Op 8 september 2022 heeft de Rechtbank Overijssel uitspraak gedaan in een strafzaak tegen een 69-jarige man, die werd verdacht van valsheid in geschrifte. De rechtbank heeft de verdachte vrijgesproken van de tenlastegelegde feiten, die betrekking hadden op het gebruik van vervalste notulen van een buitengewone vergadering van aandeelhouders van [bedrijf 1] B.V. De zaak kwam voort uit een onderzoek dat op 25 augustus 2022 plaatsvond. De officier van justitie had betoogd dat de notulen vals waren, omdat deze op een andere datum zouden zijn opgemaakt dan vermeld en omdat de vergadering nooit had plaatsgevonden. De verdediging voerde aan dat er onvoldoende bewijs was om te concluderen dat de notulen vals waren.
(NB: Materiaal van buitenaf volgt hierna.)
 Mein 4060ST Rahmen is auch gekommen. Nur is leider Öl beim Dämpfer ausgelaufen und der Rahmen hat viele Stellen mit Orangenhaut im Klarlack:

De rechtbank oordeelde dat uit het procesdossier en het verhandelde ter terechtzitting niet wettig en overtuigend bewezen kon worden dat de notulen op een andere datum dan 7 februari 2002 waren opgemaakt of dat de vergadering nooit had plaatsgevonden. De rechtbank merkte op dat, hoewel het mandaat dat aan de verdachte was verstrekt mogelijk civielrechtelijk niet rechtsgeldig was, dit niet betekende dat er sprake was van valsheid in geschrifte. De rechtbank concludeerde dat de niet-naleving van statuten geen bewijs opleverde voor de valsheid van de notulen.
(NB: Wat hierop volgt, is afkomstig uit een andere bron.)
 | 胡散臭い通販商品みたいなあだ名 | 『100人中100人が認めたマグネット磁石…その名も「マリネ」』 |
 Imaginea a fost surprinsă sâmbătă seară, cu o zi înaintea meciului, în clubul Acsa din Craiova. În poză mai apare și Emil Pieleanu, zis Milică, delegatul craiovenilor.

Uiteindelijk sprak de rechtbank de verdachte vrij van zowel het primair als het subsidiair ten laste gelegde, omdat niet bewezen kon worden dat de notulen vals waren. De uitspraak werd gedaan door een meervoudige kamer van de rechtbank, bestaande uit drie rechters, en is openbaar uitgesproken op dezelfde datum.